According to Frane and Brooke Jackson-Glidden Eater Portland, "when COVID-19 hit, the team pivoted into something closer to a backyard cookout, with grilled meats, potato salad, and seasonal vegetable sides". The restaurant initially resisted indoor dining. For a community-supported deli box with three other local businesses, Lazy Susan contributed sausage links with Calabrian chile. In 2021, the restaurant participated in the Nikkei Bake Sale, which raised funds for the Asian Pacific American Network of Oregon (APANO) and the Asian Mental Health Collective.
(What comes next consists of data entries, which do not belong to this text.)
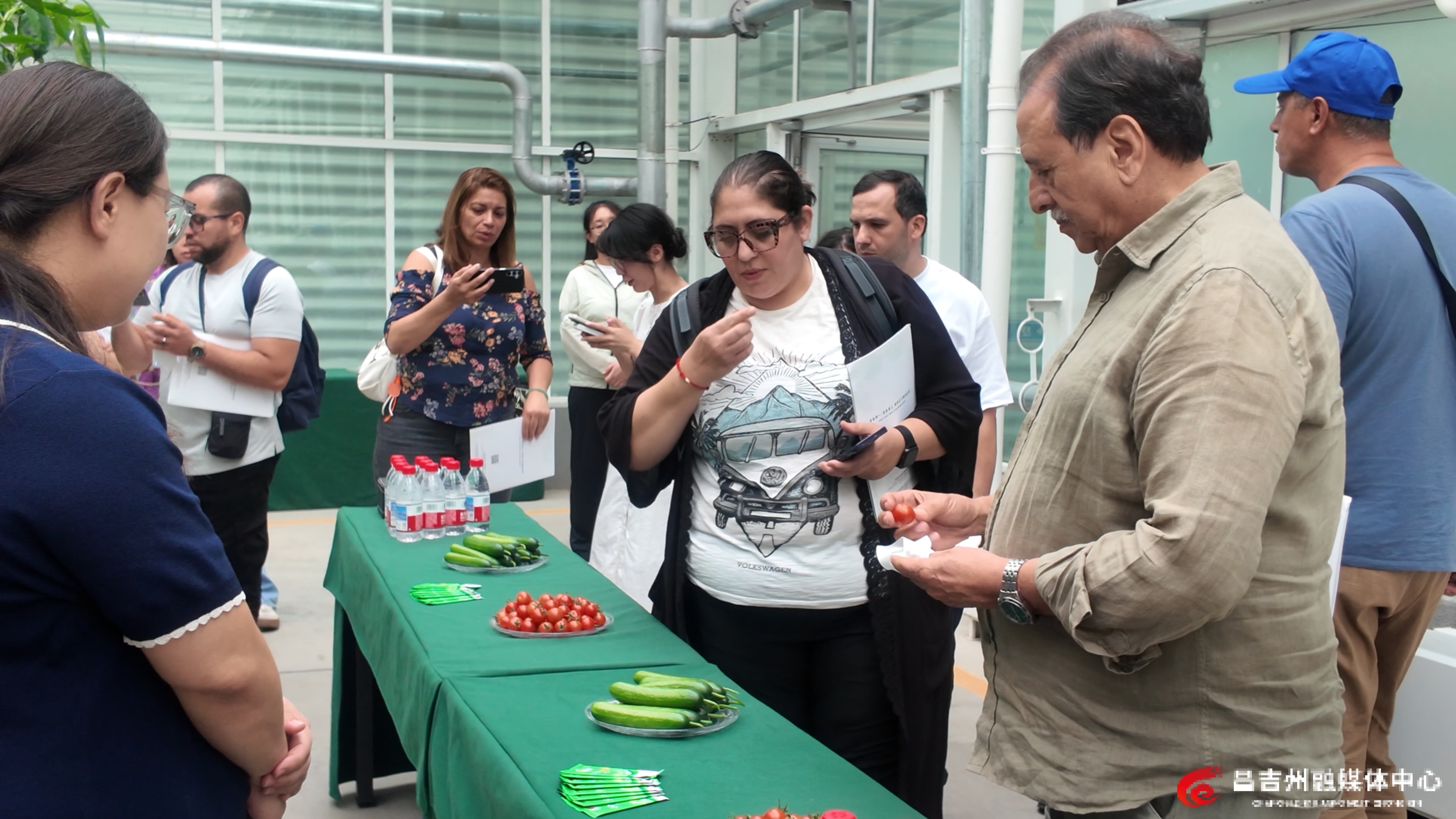 7月27日,阿尔及利亚媒体代表团一行在新疆农业博览园智慧农业科技馆内品尝设施农业大棚蔬菜。记者杨鹤 摄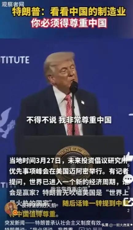 突发新闻——特朗普承认社会主义制度有效。 特朗普说:“我必须说,我尊重中国,因为这很不可思议,在一个理论上不应该奏效的体系下——你知道,我们上学,我们上最好的商学院,我们在这些学校表现很好,我们阅读关于自由创业的文章,我们阅读所有这些东西。 但看看中国,他们做得多么出色,产量多么惊人。我的意思是,他们生产的汽车如此之多,以至于他们之间甚至会比赛看谁能生产出最少的汽车,因为他们的汽车实在太多了。” 3月27日,在美国迈阿密举行的未来投资倡议研究所优先事项峰会上,面对记者提出的“世界进入新经济周期,谁会是赢家”的问题,特朗普在例行强调“美国是世界上最火热的国家”之后,话锋一转,用一段极其直白的表述,给了中国发展最直接的认可。 特朗普这番话可不是客套话,你得仔细琢磨里面的门道。一个以“美国优先”著称的总统,在公开场合如此直白地肯定中国的制度效能,这事儿本身就透着不寻常。他不是在说中国某个具体产品好,而是在承认一个“理论上不应该奏效的体系”取得了实实在在的成功。这种表述背后,藏着特朗普式的实用主义逻辑——结果比理论更重要。 看看他举的例子,汽车产业。这可不是随便挑的,中国汽车产量确实惊人。2024年,中国汽车产销双双突破3100万辆,连续16年稳居全球第一。更关键的是,新能源汽车年产销首次突破1000万辆,销量占比超过40%。特朗普那句“比赛看谁能生产出最少的汽车”虽然是夸张说法,但反映了一个现实:中国制造业的规模效应已经达到了让竞争对手感到压力的程度。 从专业角度看,特朗普的认可背后有三层含义。第一是承认中国制造业的硬实力,这不是靠补贴或者政策保护就能实现的,而是完整的产业链、高效的供应链管理和持续的技术创新共同作用的结果。第二是暗示美国传统经济理论的局限性,那些在商学院里学的自由市场理论,在面对中国这样的发展模式时,解释力明显不足。第三是为他接下来的对华政策做铺垫——既然承认你的实力,那么合作就比对抗更符合实际利益。 特朗普这个人向来以交易思维著称,他的称赞往往带着明确的目的性。就在这次峰会前后,中美双方正在就特朗普5月访华事宜进行沟通。这个时候公开肯定中国,既是为访问营造氛围,也是在向国内展示他的外交手腕——看,连中国这样的竞争对手都尊重我。 但咱们也得清醒,特朗普的称赞不等于美国对华政策的根本转变。他可以在一个场合肯定中国的成就,转身就可能在其他领域施加压力。这种矛盾恰恰反映了当前中美关系的复杂性:既有竞争,也有合作;既有分歧,也有共同利益。 从中国经济实际来看,2025年GDP总量突破140万亿元,社会消费品零售总额超过50万亿元。汽车产业只是中国制造业升级的一个缩影,背后是科技创新能力的整体提升。世界知识产权组织数据显示,中国创新指数排名首次进入全球前十。这才是中国发展的底气所在。 特朗普的这番话,与其说是对中国制度的认可,不如说是对发展实效的低头。在全球化深入发展的今天,任何理论都要接受实践的检验。中国用几十年时间走完了发达国家几百年走过的工业化历程,这种发展速度和质量,确实超出了传统西方经济理论的解释范围。 未来中美经济关系会怎么走?大概率是竞争与合作并存。特朗普的实用主义决定了,只要对中国发展有利的事情,他可能会选择合作;但只要触及美国核心利益,竞争的一面就会凸显。对中国来说,关键还是做好自己的事情,持续推动产业升级和技术创新,用实实在在的发展成果赢得尊重。 各位读者你们怎么看?欢迎在评论区讨论。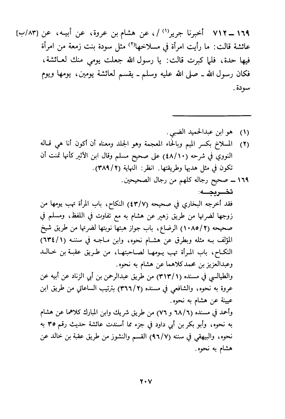 712 - أَخْبَرَنَا جَرِيرٌ، عَنْ هِشَامِ بْنِ عُرْوَةَ، عَنْ أَبِيهِ، عَنْ عَائِشَةَ قَالَتْ: " §مَا رَأَيْتُ امْرَأَةً فِي مِسْلَاخِهَا مِثْلَ سَوْدَةَ بِنْتِ زَمْعَةَ مِنِ امْرَأَةٍ فِيهَا حِدَّةٌ، فَلَمَّا كَبُرَتْ قَالَتْ: يَا رَسُولَ اللَّهِ، جَعَلْتُ يَوْمِي مِنْكَ لِعَائِشَةَ، فَكَانَ رَسُولُ اللَّهِ صَلَّى اللهُ عَلَيْهِ وَسَلَّمَ يُقْسِمُ لِعَائِشَةَ يَوْمَيْنِ يَوْمَهَا وَيَوْمَ سَوْدَةَ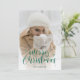 Green Foil Script Snow Photo Christmas Cards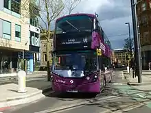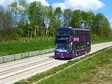 Services were initially operated by 20 Wright Eclipse Gemini 3 bodied Volvo B5LH hybrid double-decker buses in purple-livery. They are equipped with CCTV and next stop audio and visual announcements, USB charging points and free Wi-Fi.[36] Five more buses were purchased in January 2017 to provide extra capacity at busy times and facilitate the extended service to Central Manchester Hospitals.[11][37] It is required that buses that operate the busway service are replaced after 5 years of service. Further buses are scheduled to enter service in September 2018. These will operate the V4 service from Ellenbrook, and will be standard vehicles not adapted for busway running.[38]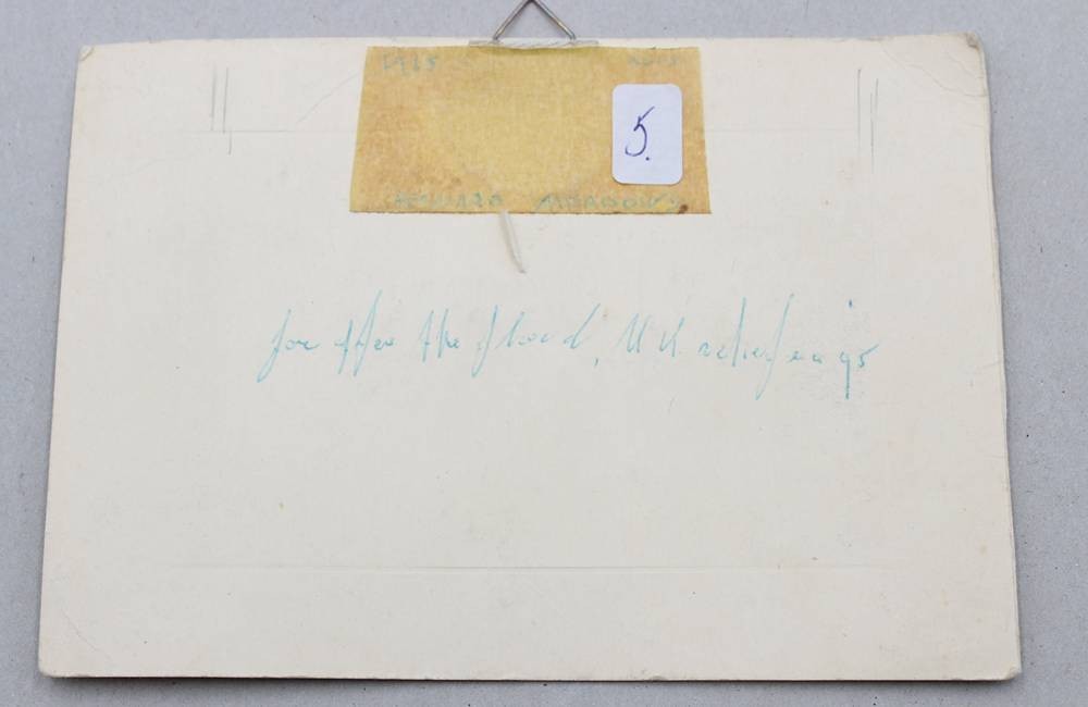 modernes kl. Kupferrelief, unleserl. signiert, verso schwer lesbar betitetl "after for the flood" o.ä., ungerahmt auf Pappe, ca. 11 x 16cm [1]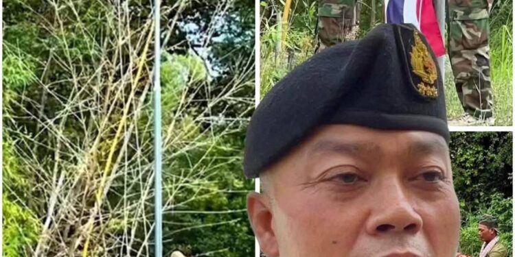 โดยฐานเสาธงที่ปรากฏในภาพ คาดว่าเป็นเสาธงของหน่วยทหารกัมพูชาในพื้นที่ และมีการตัดต่อภาพให้เป็นธงชาติไทย
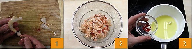 The first thing to do to prepare the pumpkin soup with shrimp is to clean the shrimp, detach the head and shell from the shrimp and remove the intestine 1, for more details click How to clean shrimp (Shrimp cleaning), set aside the shells 2 and use them to prepare the stock that will flavor the soup. In a pot, put the oil, garlic clove, and chili pepper, and fry for a couple of minutes 3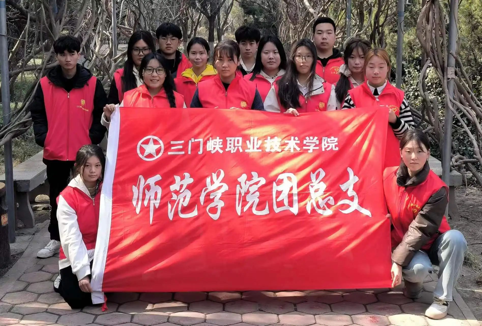 活动伊始,志愿者们在天鹅湖校区五号教学楼前集合,一同前往陕州公园进行植树节志愿服务活动。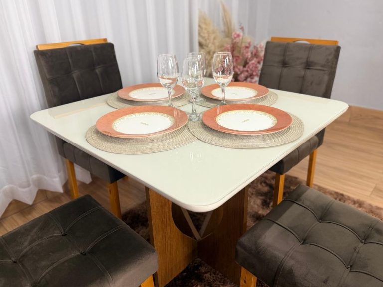 Mesa de Jantar Madri 0.90×0.90 com 4 Cadeiras Londres – Minas Plac – 0.90m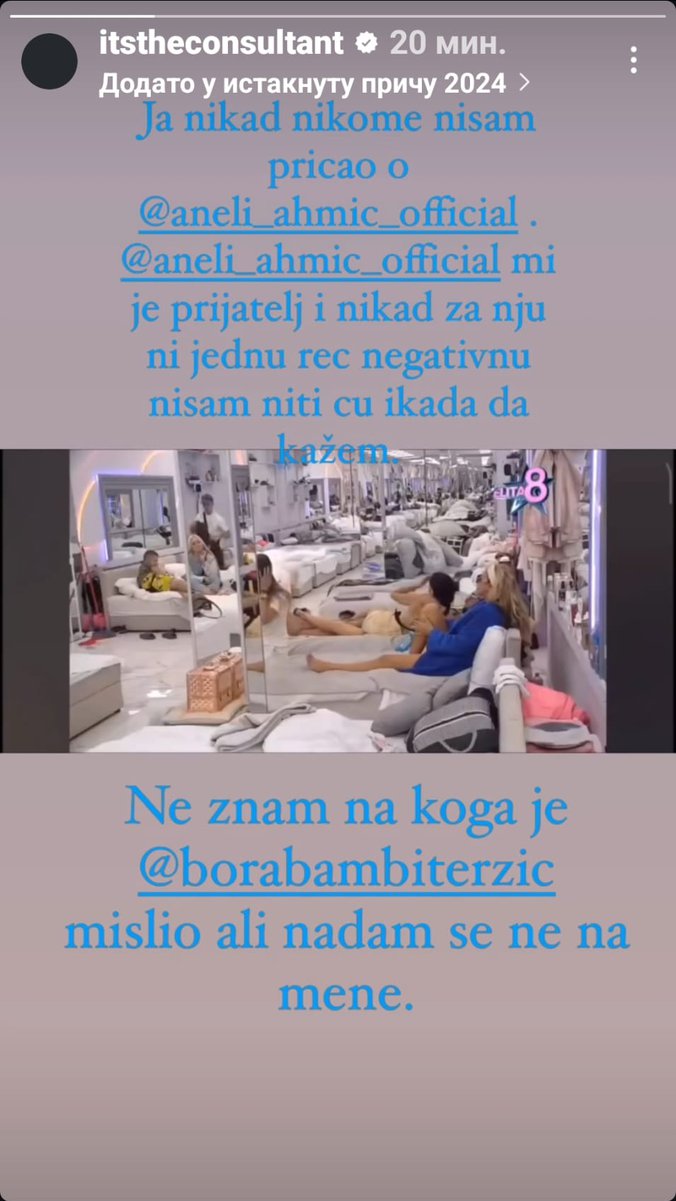 Tokom svađe Bore Terzića i Aneli Ahmić, Bora je potkačio za jednog muškarca, a sada se na svom instagram profilu oglasio Anelin, kako on kaže, prijatelj Ivan Radović, koji je demantovao Terzine navode.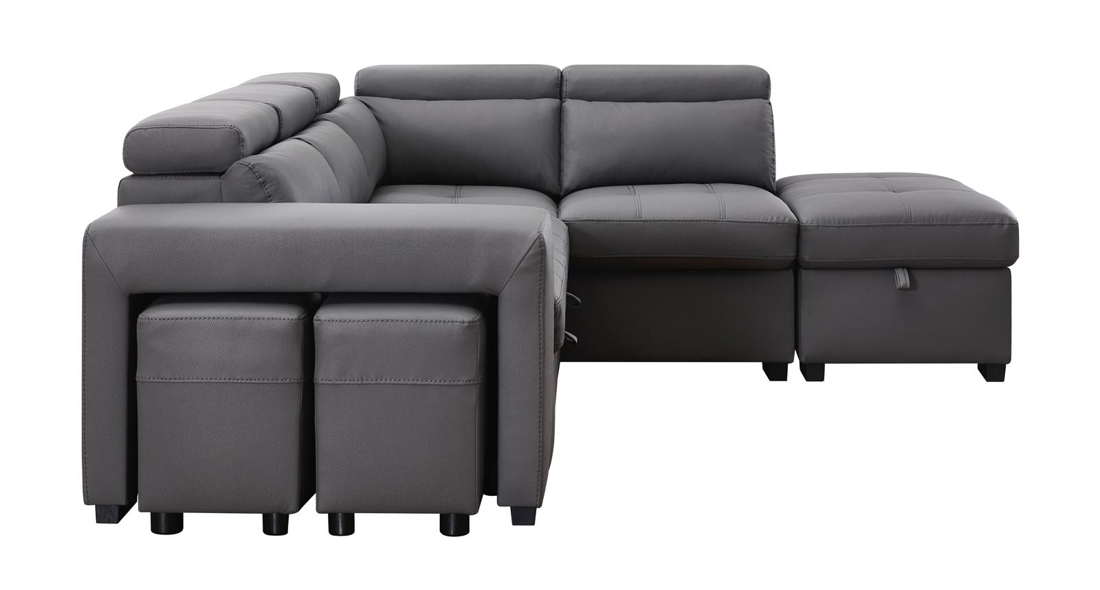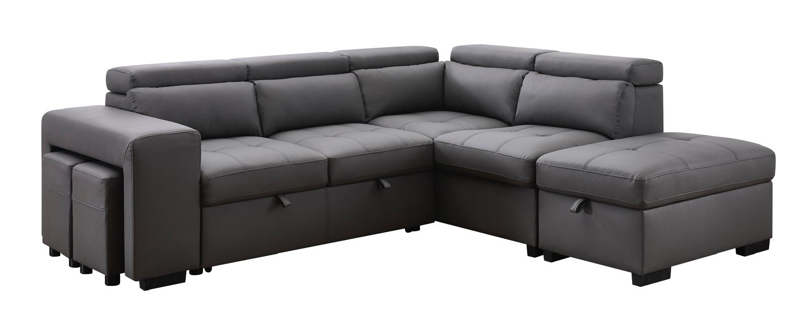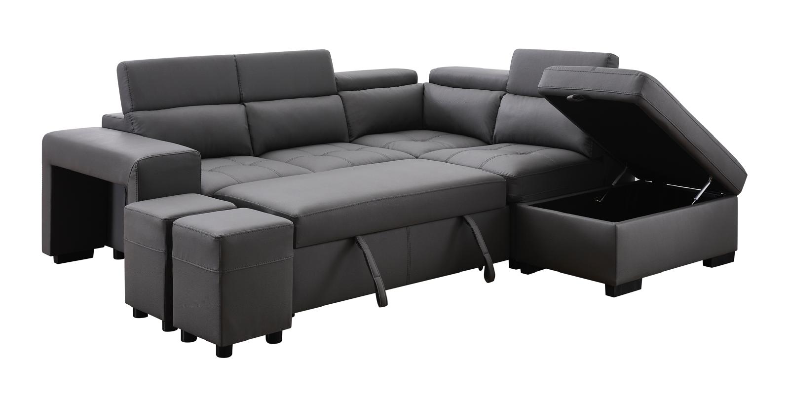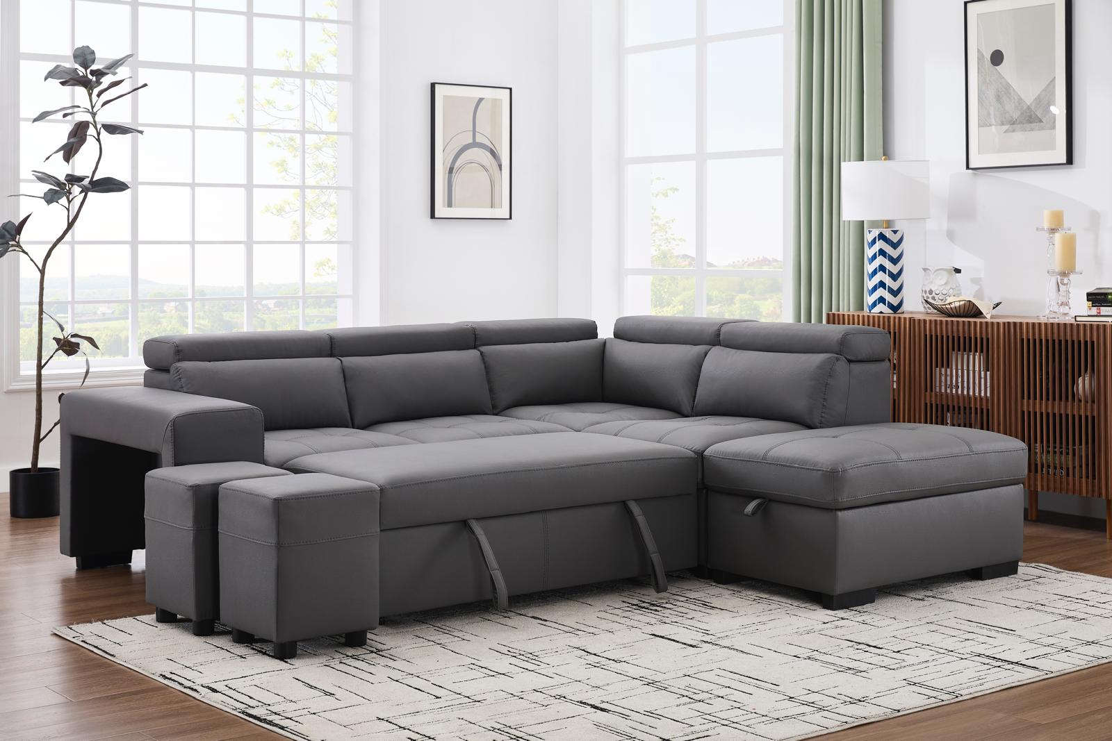 Sofá Seccional Positano Gris Izquierdo 2025 Convertible Cama Almacenamiento Asientos Extra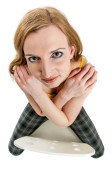 Lekko zwinięta na całej długości młoda blondynka w czarnej, przezroczystej, kolanowej sukience i czarnej, wysokiej temperaturze, jedna ręka na podniesionym obszyciu sukienki na białym tle.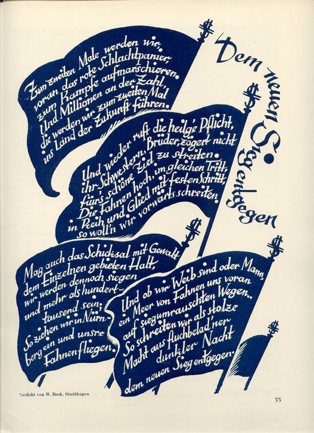 Festschrift No. 3, Nürnberg, 2. Bundesfest 18.-21. Juli 1929, Leipzig 1929, S. 33. (Archiv der Münchner Arbeiterbewegung) Der Urhheberrechtsinhaber hat dieses Werk zur Verfügung gestellt.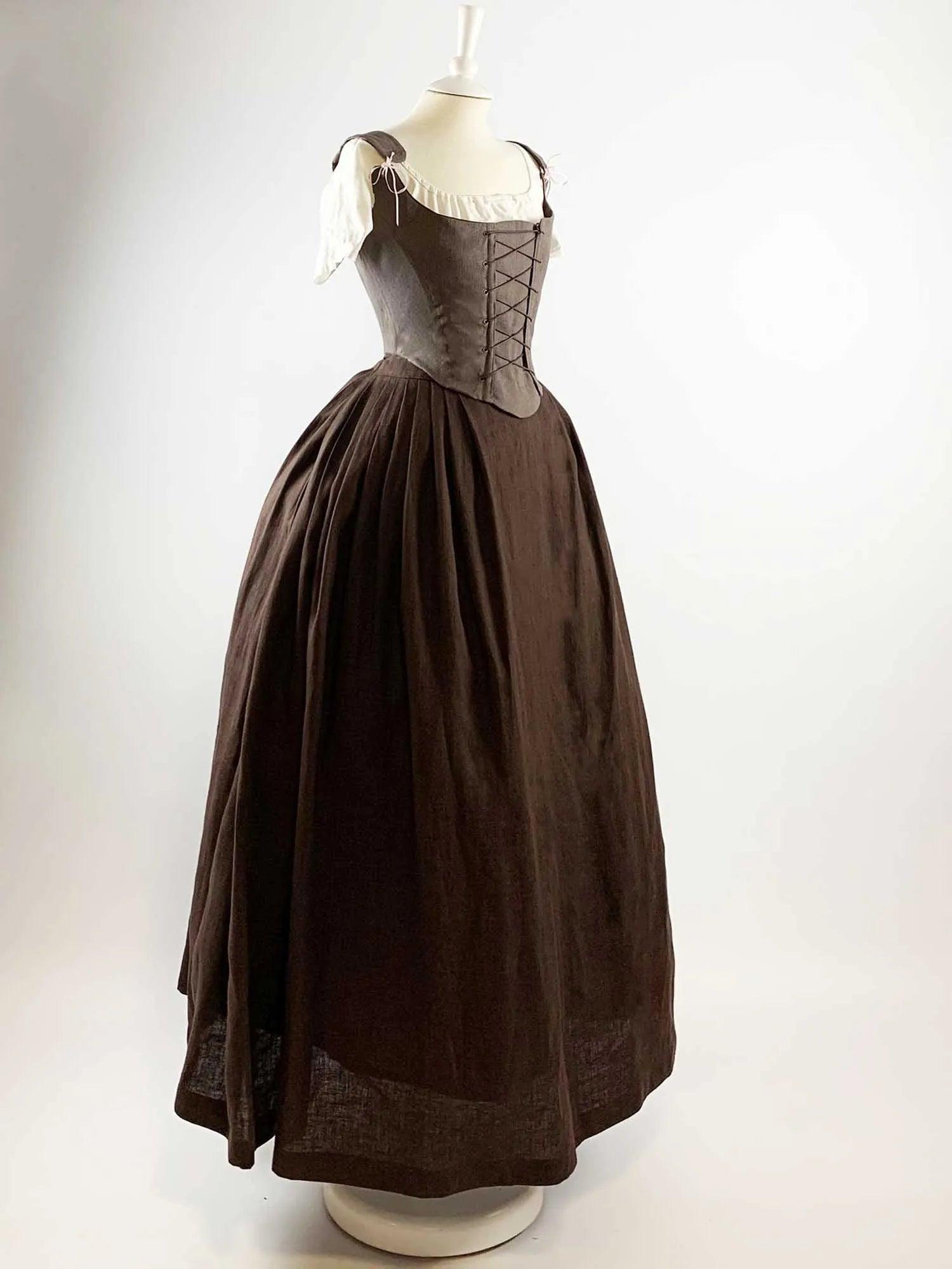 Step into the world of fairytale magic with ISOLDE, our Peasant Costume. Crafted from brown-gray and chocolate linen, this historically accurate ensemble will transport you to another era.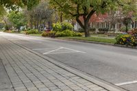 A view of a residential neighborhood in Ontario, Canada. Classic architecture with windows, branches, and leaves adds to the charm. Grey sky and gloomy atmosphere give an autumn feel. Streets lined with trees and curbs create a serene suburban scene.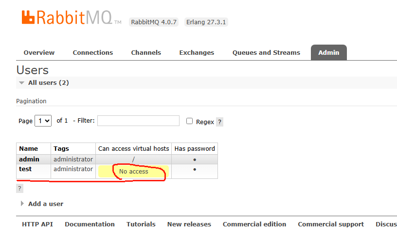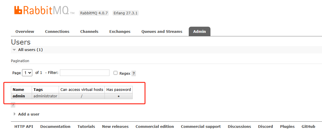 点击Admin选项卡,首先会看到RabbitMQ控制台的用户管理界面: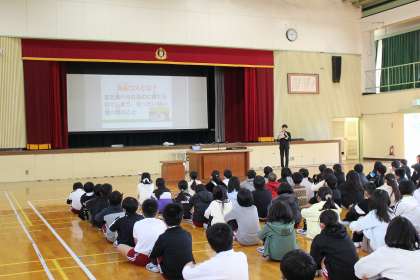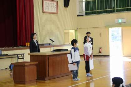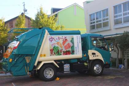 夏休みの募集した「食品ロス」に関するポスターの表彰式を行いました。5年生の児童の作品は、パッカー車に描かれ、今後市内で活用されます。

Outdoor seating capacity was temporarily reduced in 2023 due to road construction. The business later confirmed plans to close on July 23. An announcement read, "We are eternally grateful for all that have shown us love since March of 2020. It has been a wild ride. Pandemic, inflation, wildfires, record-breaking heatwaves, and you all still showed up. So now it's time to come show love one last time." The Asian restaurant Yaowarat opened in the space in October 2023.

==Reception==
In 2021, Jordan Michelman of the Los Angeles Times highlighted how Lazy Susan and five other Portland restaurants overcame challenges associated with the pandemic to become "statement-making food destinations". He wrote, "In summer of 2021, Lazy Susan has emerged as one of the city's most notable new restaurants, synthesizing a diverse and global set of influences into a menu and bar program that defies easy categorization." Eater Portlands Brooke Jackson-Glidden included Lazy Susan in a 2021 guide to weekend brunch in Portland and a 2022 list of 18 "date-worthy" restaurants in the city open on Mondays. She and Frane included the restaurant in a 2022 list of 19 "jaw-dropping" happy hours in Portland. Frane and Nathan Williams included Lazy Susan in a 2022 overview of recommended eateries in Montavilla. Michael Russell included the restaurant in The Oregonian's 2023 list of Portland's ten best new brunches.